Voordat ik dit doe, eerst graag een paar opmerkingen vooraf.
1. Het is zeker zinvol om ons eens in breder verband te bezinnen
op het fenomeen kerkelijke samenspreking. Op verschillende
plaatsen zijn zulke samensprekingen aan de gang. Kerkeraden en
kerkleden komen daarmee voor vragen te staan, die veelal parallel
lopen. Het is nuttig daar eens over te praten.
Ik moet wel zeggen, dat een sociaal en economisch verband nou
niet direkt de eerste instantie is, waarvan je het initiatief
daartoe verwacht. Misschien is de link met de economie wel, dat
men hier een gat in de markt heeft ontdekt. Maar zelf zou ik hier
eerder een taak zien liggen voor de deputaten kerkelijke
eenheid.
Dat zou dan in een wat andere vorm moeten dan waarin wij hier
vanavond bij elkaar zijn. Maar het laat zich denken, dat de
deputaten alle kerkeraden die in samensprekingen betrokken zijn
uitnodigt voor een besloten conferentie over alles wat er aan
zulke samensprekingen vast zit. Zulk broederlijk beraad zou m.i.

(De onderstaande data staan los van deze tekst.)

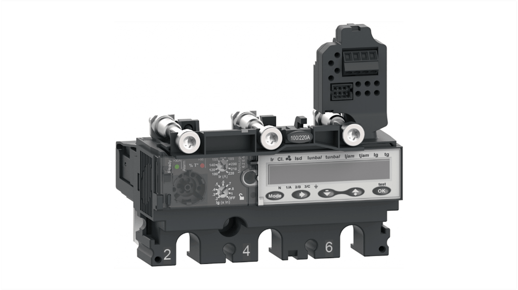Unità di scatto Schneider Electric per interruttori automatici ComPacT NSX 100/160/250, protezione regolabile a lungo termine contro sovraccarichi, protezione regolabile e istantanea contro cortocircuiti, pre-allarme di dispersione di terra con modulo SDx opzionale, LED verde per stato di attivazione, modulo display per misurazione energia e regolazioni. Accessori inclusi, compatibile con gamma ComPacT di nuova generazione.
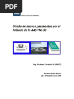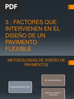Determinacin del efecto de las cargas transmitidas por los diferentes ejes sobre un pavimento flexible Uno de los factores de diseo que presenta mayor variabilidad es el correspondiente al efecto de las cargas que transmiten los vehculos. Cualquier observador, por ms inexperto que sea en el rea de pavimentos, no puede dejar de notar que por una seccin dada de pavimento circulan diariamente un sinnmero de tipos de vehculos, y un mayor nmero de tipos de carga: observar para un mismo tipo de camin que algunos circularn vacos, otros cargados con cemento, otros con cerveza, otros con materiales de construccin, etc.; adems la condicin de variabilidad descrita se repetir para cada tipo de camin sobre la va. Es necesario, en consecuencia, transformar toda esa gama de realidades de formas e intensidades de carga, en un valor que los represente y que sea simplemente obtenible y manejable. Por esta razn se defini un "Eje Patrn" que representa la carga estndar, o normalizada. En Venezuela, como en la gran mayora de los pases occidentales, este "eje patrn" contempla una carga por eje simple de cuatro ruedas de 8.200 kg (80 KN 18.000 libras) Adicionalmente fue necesario asignar a este eje patrn un valor del efecto que causaba al pasar sobre un pavimento, este efecto se conoce como "factor dao", y para una carga patrn de 18 kips, sobre un eje simple de cuatro ruedas (o ruedas morochas), se le asign un valor unitario, es decir cada vez que un eje simple de 18.000 lbs pasa sobre una seccin de un pavimento flexible, causa sobre ese pavimento un dao igual a uno (1). Como consecuencia de esta simplificacin surge la definicin de los "Factores de equivalencia de cargas", que "son valores numricos que definen el dao que causa el paso de un vehculo, o eje determinado, sobre una seccin de pavimento en una manera relativa al dao que el vehculo, o eje patrn, causa al pasar sobre la misma seccin de pavimento", o dicho de otra manera, los "Factores de Equivalencia" transforman las repeticiones de un eje cualquiera, a un nmero de repeticiones del eje patrn que causan el mismo efecto dao sobre el pavimento que el dao causado por ese eje cualquiera. Los "Factores de Equivalencia" para los ejes simples y tandem (dobles y triples) son los derivados empricamente en el Ensayo Vial AASHO en funcin no solo de la magnitud de la carga y la configuracin del eje que la transmite al pavimento, sino tambin del tipo de pavimento (flexible o rgido), del espesor del pavimento y de la condicin final de calidad de rodaje del pavimento para el momento final del periodo de diseo y obedecen, en una forma muy simplificada, a la relacin exponencial siguiente:

geheel in de lijn van hun opdracht liggen en voor de betrokkenen
heel vruchtbaar kunnen zijn.
2. Het is bemoedigend te constateren, dat er de laatste paar jaar
op allerlei plaatsen contacten zijn ontstaan van gereformeerde
kerkeraden met christelijke gereformeerde en Nederlands
gereformeerde.
Er is een toenemende aandacht voor elkaar. Als uit alle
gesprekken onder ons eens was geturfd hoe vaak daarin in 1989 en
1990 de woorden ‘christelijk-gereformeerd’ en ‘Nederlands
gereformeerd’ vielen in vergelijking met 1987 en 1988, dan zou er
een explosieve toename te constateren zijn. We hebben de laatste
tijd bij allerlei onderwerpen in die richting gekeken,
vergelijkingen gemaakt en verwachtingen uitgesproken.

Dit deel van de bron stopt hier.